Why Hierarchies Don't Work

I work in a school system. In such a system, there is an elected school board, a superintendent head, some central office administrators and their subordinates, building principals and assistant principals, teachers and unlicensed secretaries, custodians and aides. The vertical structure of authority is clear to everyone. Wages and salaries follow the same structure.

My school system is much like others. We administrators are trained in two conflicting mores: building relationships with and supporting our teachers and other staff while imposing ever more strict expectations and consequences on them to make them better. The best of us are good at both.

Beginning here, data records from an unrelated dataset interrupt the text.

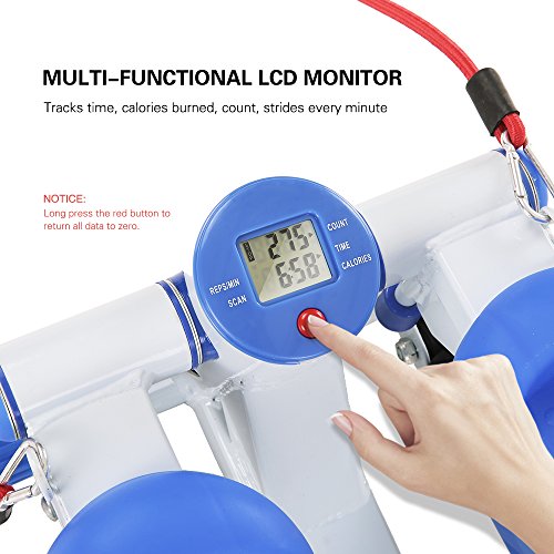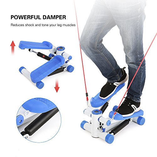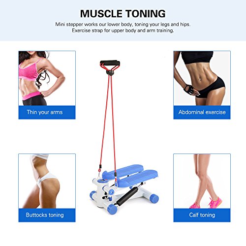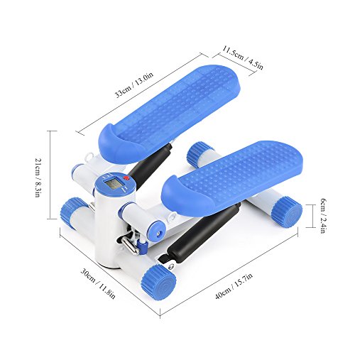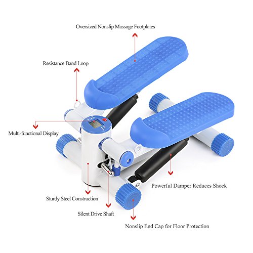 Studio : TOMSHOO Publisher : TOMSHOO Binding : Misc. Product Description This mini stepper is equipped with a LCD monitor which includes multiple functions: scan, time, calories, count, strides/min. It is very easy to use, just stand up and twist up and down for buttock and thigh workout. The included resistance bands are used to train your upper body, so this mini stepper can fulfill a full-body workout. The heavy-duty steel construction with large nonslip pedals and rubber feet caps make the stepper extremely reliable and stable. It is lightweight and compact, perfect for home and office use.
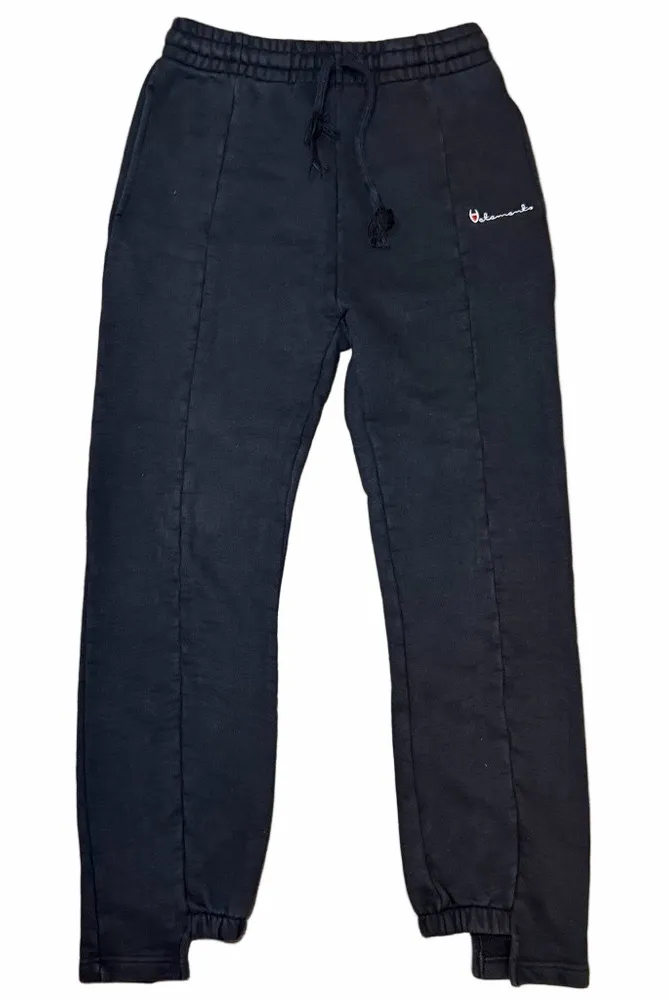 Elevated black joggers by Vetements. Perfect for casual wear. Street wear style. Stylish ankles that are asymmetrical with one side being fitted and the other not. Two front pockets. The drawstrings have unraveled. Please see photos and measurements. SR
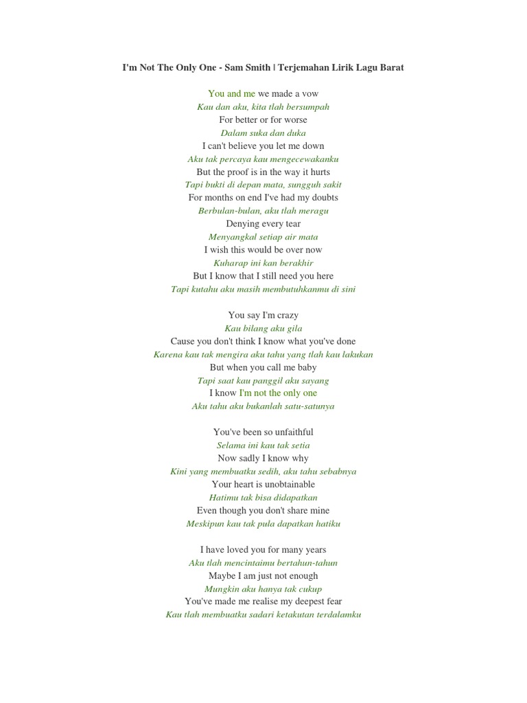 Im Not The Only One - Sam Smith Terjemahan Lirik Lagu Barat You and me we made a vowKau dan aku kita tlah bersumpah For better or for worseDalam suka dan duka I cant believe you let me downAku tak percaya kau mengecewakanku But the proof is in the way it hurtsTapi bukti di depan mata sungguh sakit. You and me we made a vow Kau dan aku kita tlah bersumpah For better or for worse Dalam suka dan duka I cant believe you let me down Aku tak percaya kau mengecewakanku. Lirik Lagu Im Not The Only One - Sam Smith dan Terjemahan Sam Smith - Im Not The Only One.
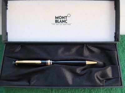 oeu297: A used Mont Blanc ballpoint pen in black with gold-plated trim; this pen is in lovely condition, albeit it has a few scratches, and boxed too. It is genuine as are all the other MB pens on my site but it doesn't have a serial number. £120.00 |
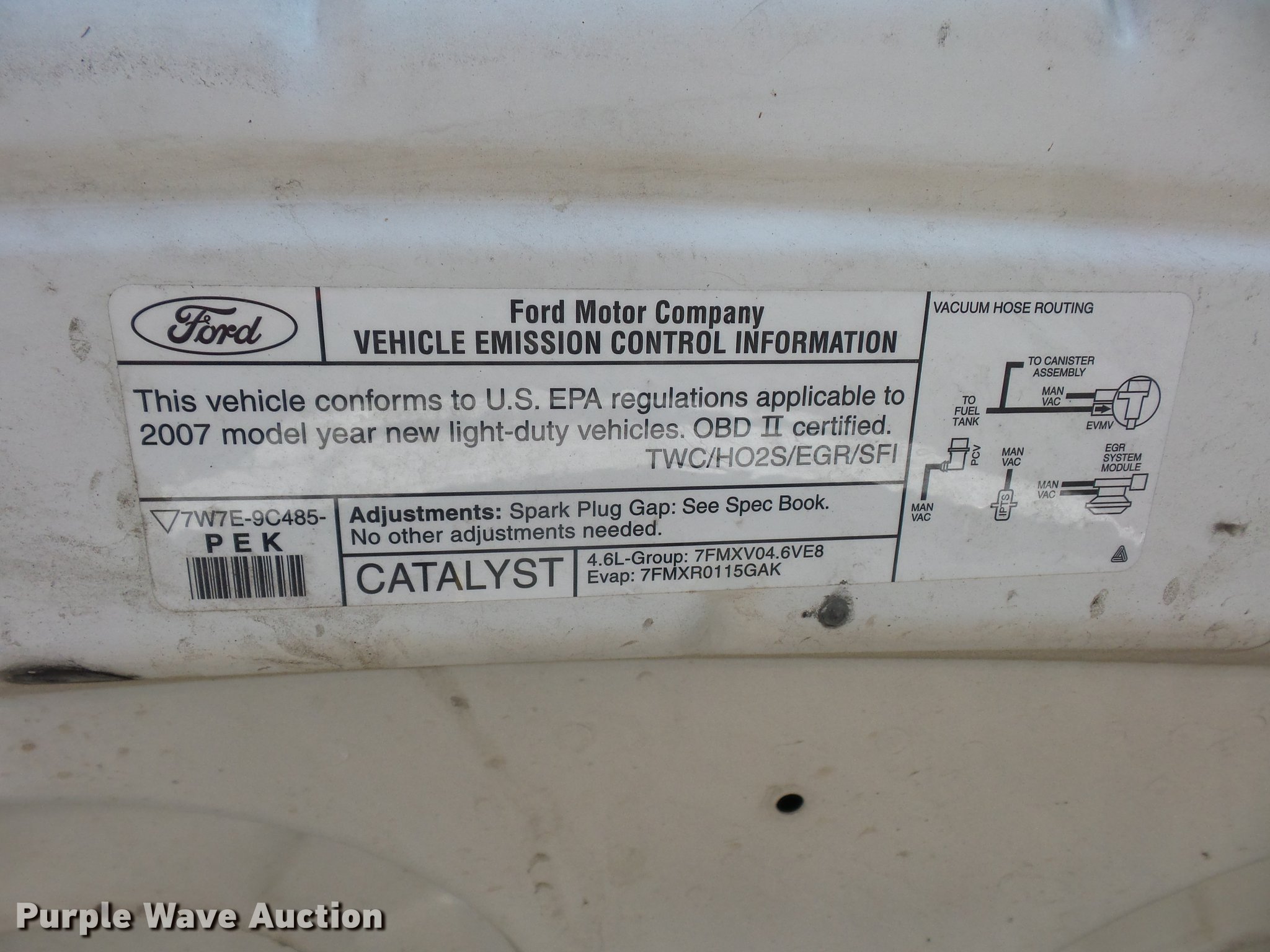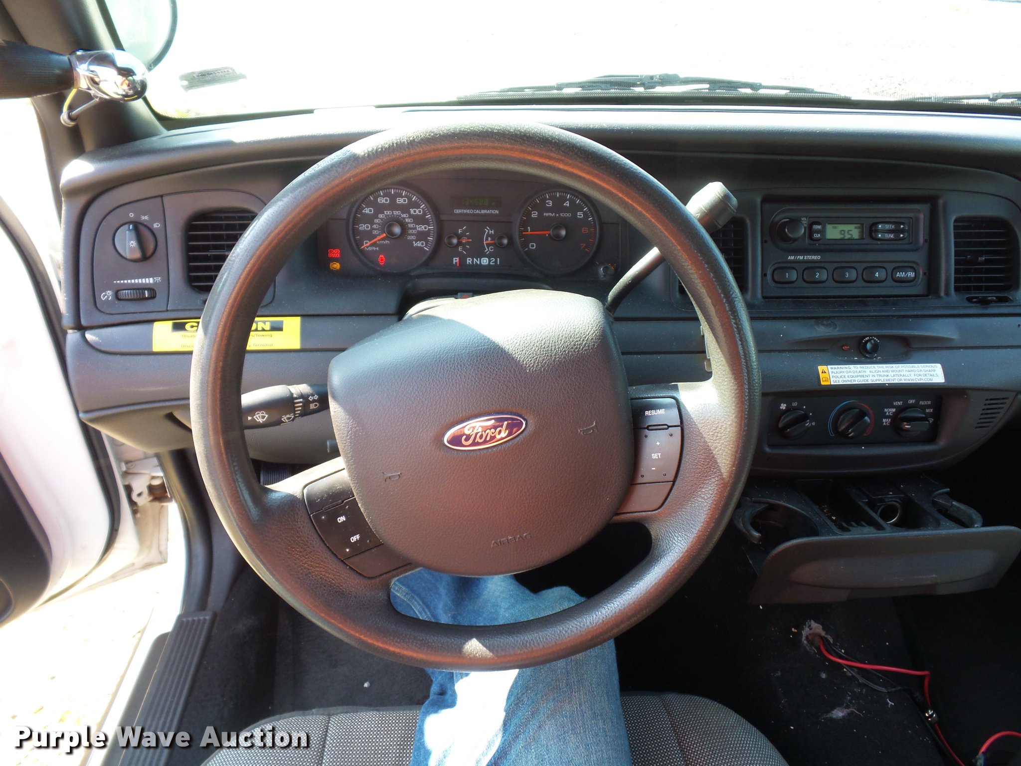 Purple Wave is selling a used Passenger Vehicle in Missouri. This item is a 2007 Ford Crown Victoria Police Interceptor with the following: 134,588 miles on odometer, 4.6L V8 SOHC 16V gas engine, Automatic transmission, AC and heat, Tilt, Cruise, AM/FM, Power windows, locks, and mirrors, Cloth interior, 235/55R17 tires, Dead battery, Brake and ABS light on

As a school principal, I get to see my teachers and other staff at work. I am paid to observe and support them. They however also see my work. They are not asked to observe their bosses but most have learned that knowing our moods and our priorities will serve them well. As the titular head of a staff of about 60 adults, I am expected to have vision, be tough, be caring and solve problems. When I am wisest, I seek their counsel on important decisions. When I am either foolish or convinced, I might not.

In 30 years in public school systems, I have learned that my bosses expect me to be tough on those who report to me. I have equally learned that they expect me to bite my tongue when I see problems above me. What if those who work for me felt safe to come to me and tell me privately what they think I could do better? What if they shared their vision with me? What if all 61 of us worked as colleagues instead of bosses and workers?

As we puzzle over how to make schools better, let's not forget that we ask too much wisdom from those at the top of our hierarchies and allow too little voice to those who actually do the work. As an administrator, I aspire to be one who can hear criticism from those who know me best -- my teachers and secretaries and custodians, not the central office administrators located 25 miles across town.